What if you repeated the re-binning process using several passes? ie, in the first pass, copy all the points that did not change bins-- all those writes would be coalesced. Then in the second pass, write only the points that shifted one bin to the right, and in the third pass, those that shifted one bin to the left, etc. Is there a reason why a strategy like that wouldn’t work?

I have a question about the CPU Algorithm 1 in your paper. You calculate C = force of Rk acting on Ri, then adjust Fi += C and Fk -= C. However since all particles will considered in the outer loop(as i), it looks like this algorithm would result in giving double the force to every particle. To correct for this, it looks like the “j” index should start iterating at “i”, like this:

for(int i=0; i<N; ++i){

for(int j=i; j<NN(i); ++j){



Am I missing something?

I’ve thought about various types of “update” methods, but haven’t had a chance to try them. In theory, they should work great as you have fully coalesced reads and writes and without the O(N^2) problem.

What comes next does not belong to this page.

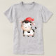 A t-shirt with an adorable image of a black and white spotted cow wearing a red hat.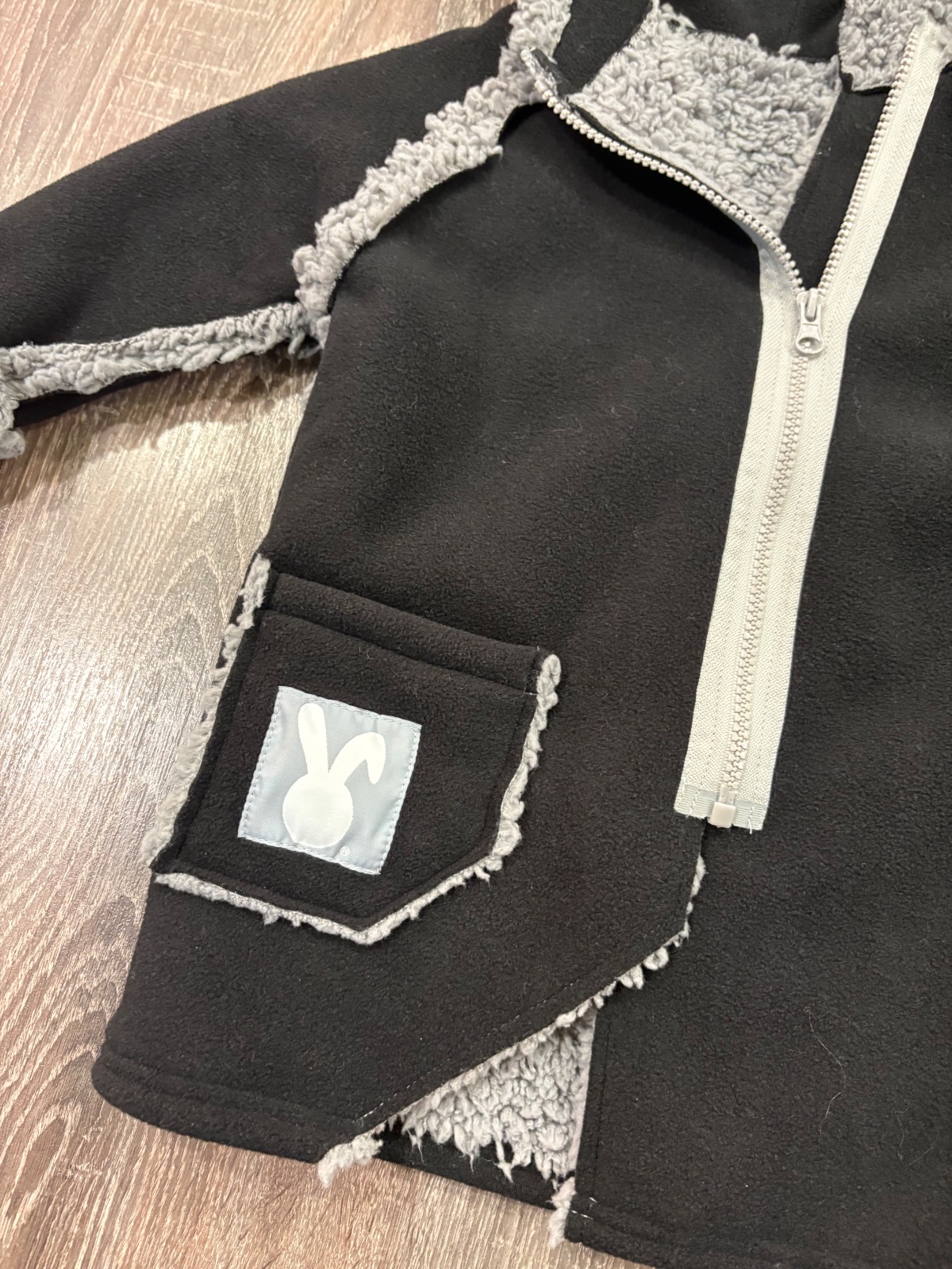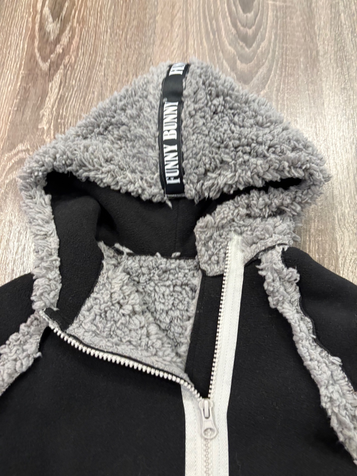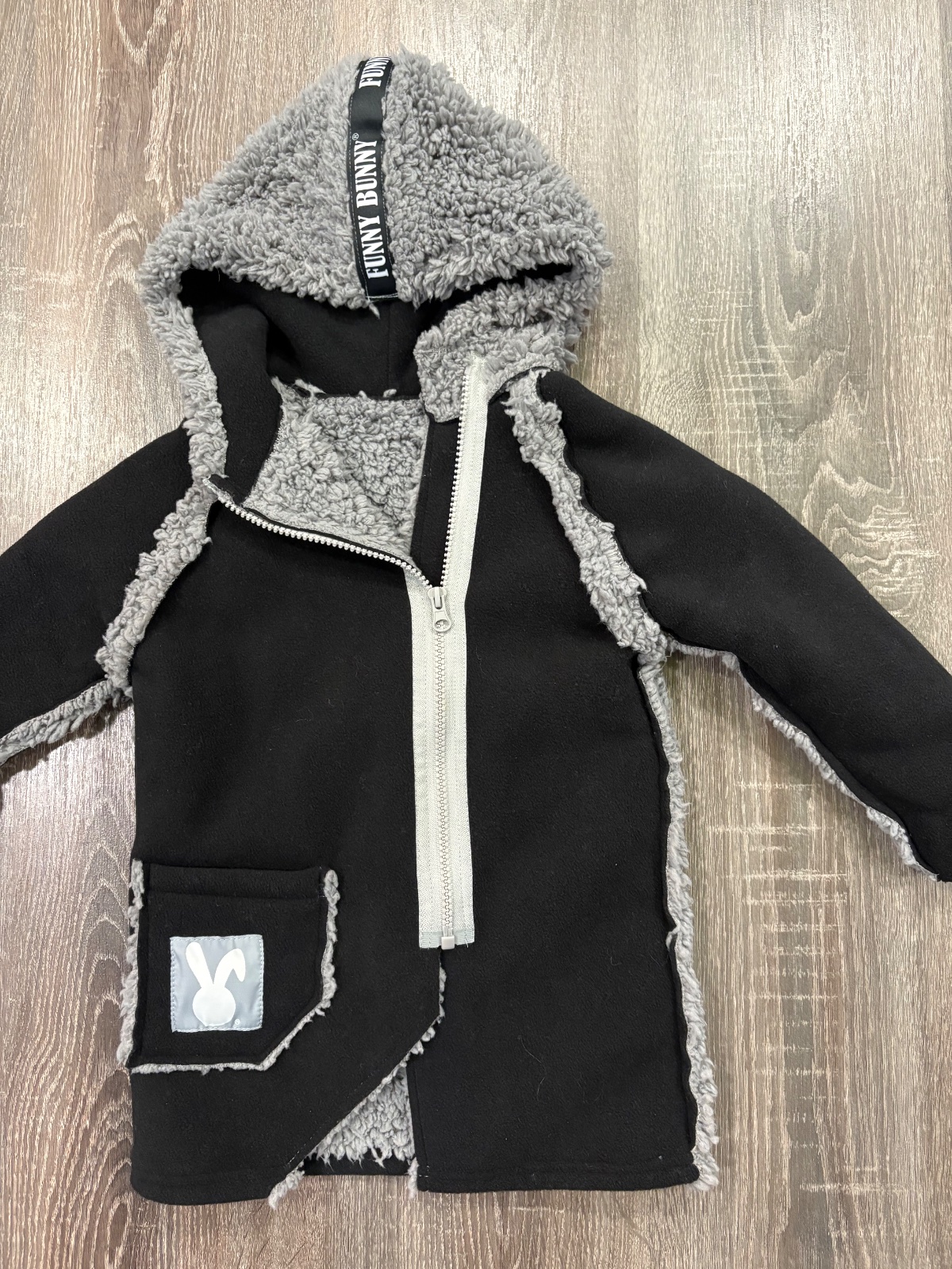 99.Funny Bunny hunaty kabatik s piskajucim vreckom, je rastuci nakolko sa rukav da podohnut …fakt krasny a ako novy,s kapucnou.Velkost 1-2 roky,dlzka je 48cm,dlzka rukava od krku je 41cm a sirka v podpazusi je od 33x2cm do 39x2cm

In practice, at least in the one form I did code up, the time spent reading in all 27 neighboring bins to check for particles that have moved still takes a significant amount of time and it was still faster to re-bin the particles from scratch.

I’m not saying that such a method won’t work. Just that I myself haven’t gotten one to work faster than other code I have running that clears the bins and puts the particles in (even on the CPU).

The standard trick is to only store neighbors in the neighbor list where j < i. I guess I forgot to mention that explicitly in the paper.